This mesher is used to generate a 3D surface mesh from a 3D segmented image.
The input is a 3D segmented binary image. It contains two values: voxels with a $0$ value are located outside of the object to mesh, voxels with a non-zero value are located inside.
The image must be .vtk
, or event better .vti
, which is more compact. If it is not the right format use Slicer3D, Paraview or my interface geniso/tools/gui4.py
to change it.
First, the geniso tools must be loaded:
import geniso.tools.generalTools as generalTools import geniso.tools.meshingTools as meshingTools import geniso.tools.imagingTools as imagingTools
Then the image must be loaded:
image = generalTools.loadVtkImageXML(imageFileName)
Afterwards, the following set of commands is used to generate a surface mesh of the boundary of the segmented image:
gen = GenerateMesh(generalTools.vtkImageDataToCpp(image)) gen.execute() smooth = SmoothMesh(gen.getSurf()) smooth.smoothWithFctFromPoly(nbr,spx,spy,spz,nmin,interpol,type)
where the parameters are described in the table below.
In practice, GenerateMesh(image).execute()
creates a triangulation of the boundary of the segmented object in the binary image given.
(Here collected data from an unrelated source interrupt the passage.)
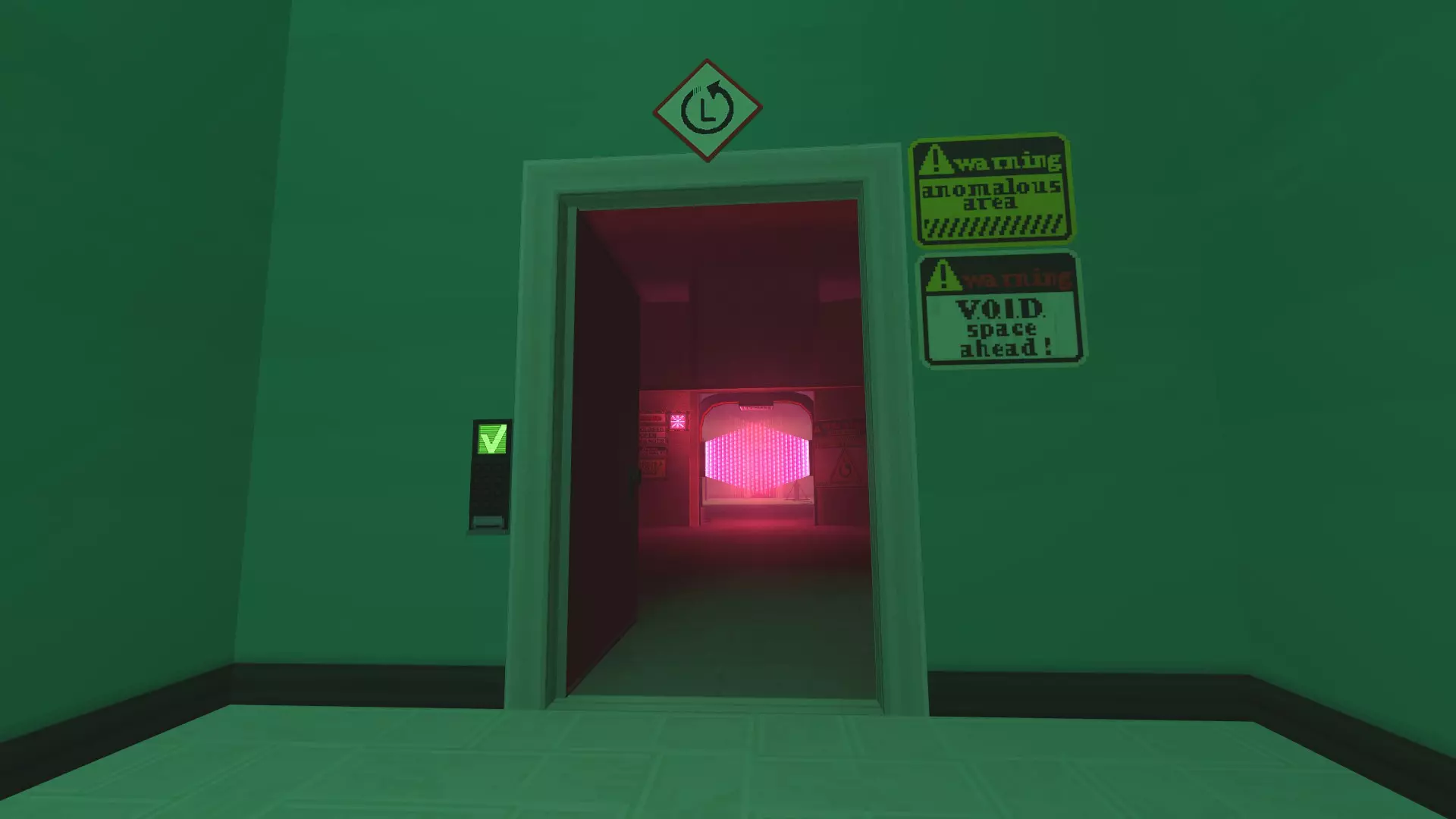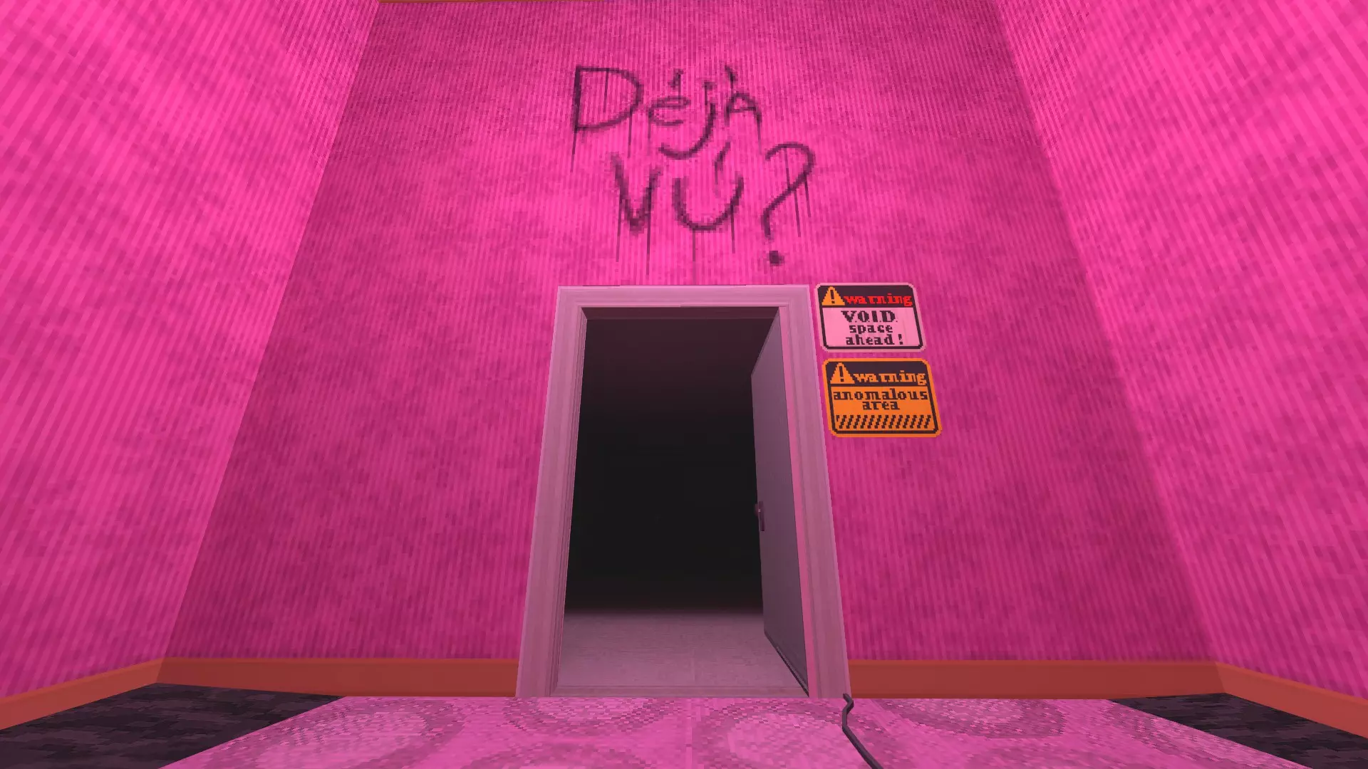 地图剧透//这扇门通往白色建筑群。上面就写着呢! 似曾相识? 不过,如果你想往回走而不是向前,UComplex还有另一个出口。 穿过接待区后,会有一条绿色照明、木地板的走廊,沿着它走会到达一个类似起居室或公共区域的地方。右侧一扇棕色门后是一个带壁炉的休息室。你可以先欣赏一下景色,然后走向一面玻璃墙,进入墙后的房间,你会发现自己身处一个带有粉色花纹壁纸的房间。你面前的门上写着“DEJA VU?”。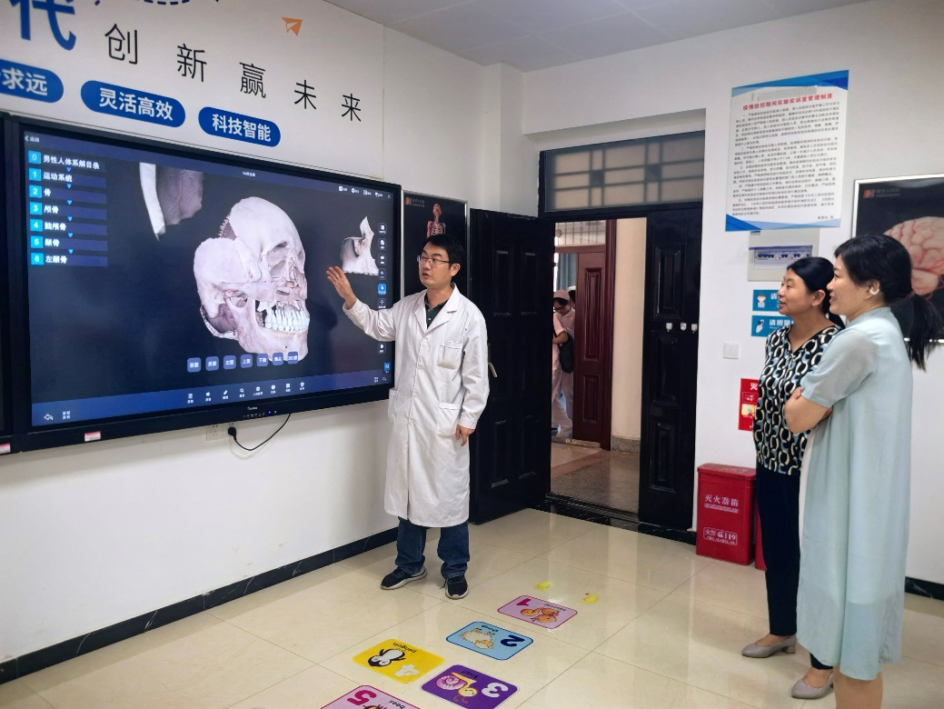 面试结束后,校院双方还就人才培养、教学实习管理等进行了深入交谈。在王风云院长的陪同下,关锐主任一行参观了学校校园环境、医护实训楼等场所。王院长指出,为了给实习生搭建更好的就业平台,学院在拓展实习基地、推进就业等方面开展了大量工作,取得了良好的成效。
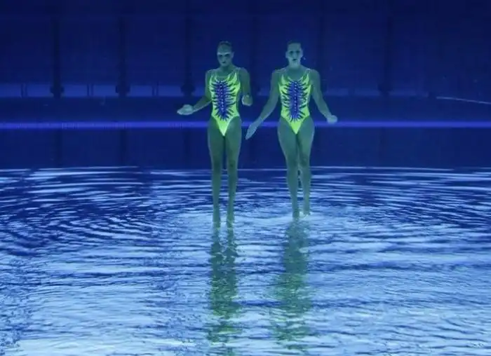 Интересный взгляд на банальное синхронное плавание с необычного ракурса.Весьма интересно.
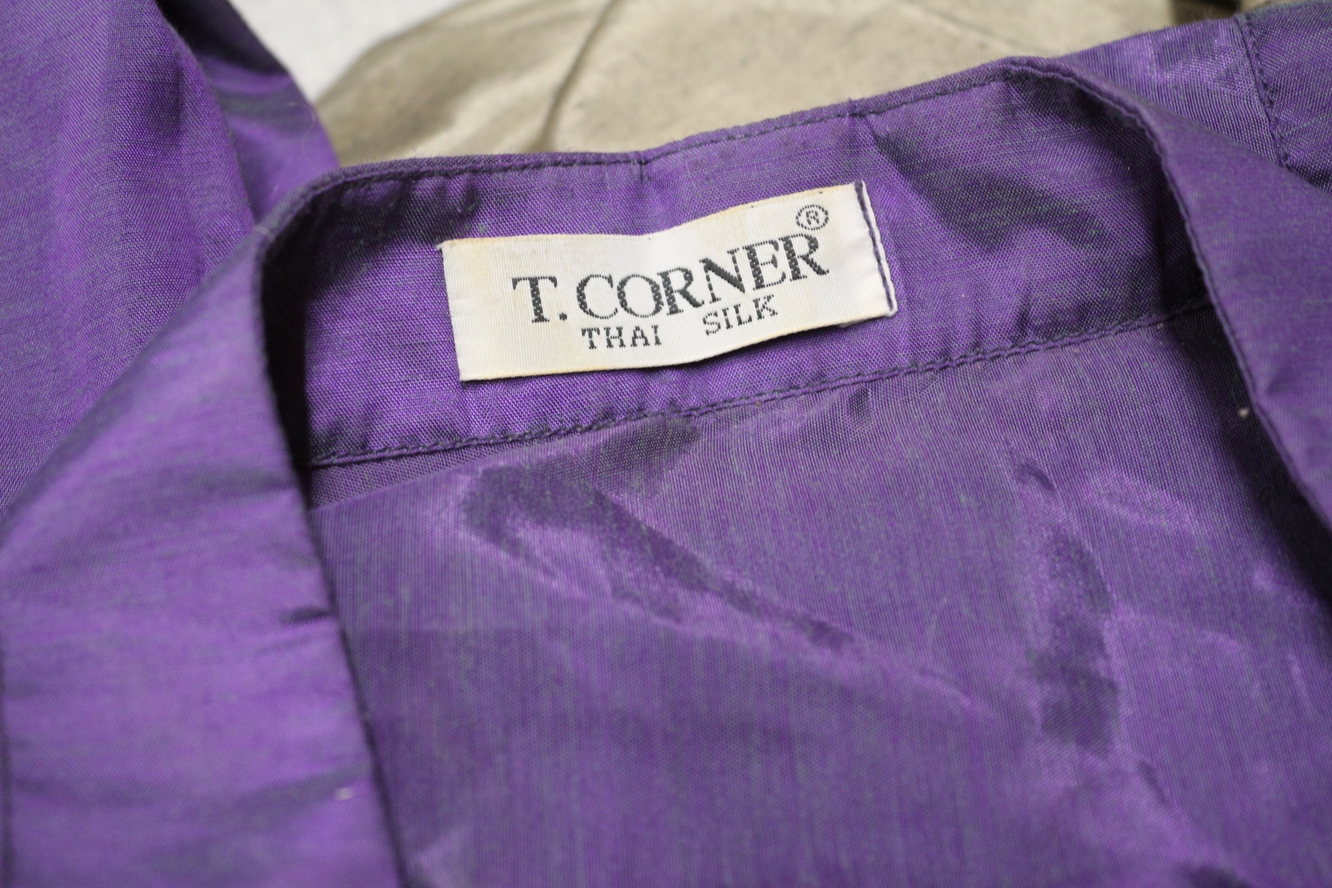 Inc A purple long-sleeved shirt with a ‘T. CORNER THAI SILK’ label inside the collar.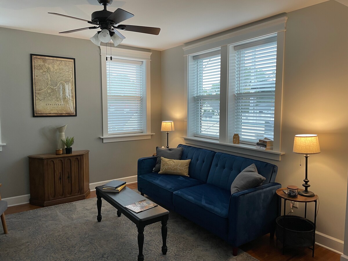 Maligayang pagdating sa Ludlow Lofts - isang hindi kapani - paniwalang chic & stylish loft sa Clifton Gaslight District. 1 milya sa University of Cincinnati at 10 minuto lamang sa DT & ang Bengals/FC/Reds stadiums. Sa 1000sf, masisiyahan ka sa mga luho ng isang full - size na tuluyan nang hindi isinasakripisyo ang kaginhawaan! Mainam na matutuluyan din para sa mas matatagal na pamamalagi. Mga kaaya - ayang restawran, grocery, sinehan, ice cream at marami pang iba sa labas ng pinto. 3 bloke lang ang layo mula sa Cincy Zoo. BTW, mas mabilis ang aming internet kaysa sa mga Cheetah sa Zoo!

Because of the spatial discretization of the image, the mesh which is generated is not smooth, since the steps of the image are kept. The class SmoothMesh()
is used to eliminate these irregularities while keeping the geometry described in the image. It does so with the construction of an implicit function, described by the parameters nmin
, interpol
and type
(for more details: http://hdl.handle.net/2268/136159).
Then, the vtkPolydata
is retrieved with the command:
poly = generalTools.genisoMeshToPolyData(smooth.getSurf())
TetGen is used to get a tetrahedral volume mesh of the object from the triangular surface mesh of the boundary of the object:
ugrid = meshingTools.callTetgen(poly)
A vtkUnstructuredGrid
is retrieved. To save it on disk: generalTools.saveUgridXML('ugrid.vtu',ugrid)
. Paraview is used to view it. The class LoadMesh
, implemented in the file, is used to include it in a Metafor test case:
groupset.add(Group(1)) mesh = LoadMesh(domain, ugrid, groupset(1) ) mesh.execute()
This option is used to generate a mesh which contains several material areas: two different bones, a brain with ventricles separated from a tumor, a jawbone with a series of teeth…
In the multi-material case, the segment image representing the geometry must contain several labels: 0 for the background (outside of the object), and a series of non-zero positive values (typically 1, 2, 3…) for each material.
To use the GenIso mesher, the implicit function Fct
must first be defined. This function is a continuous equivalency of the discrete segment image, and will allow the mesher to supply a smooth interface between the mesh separating each region.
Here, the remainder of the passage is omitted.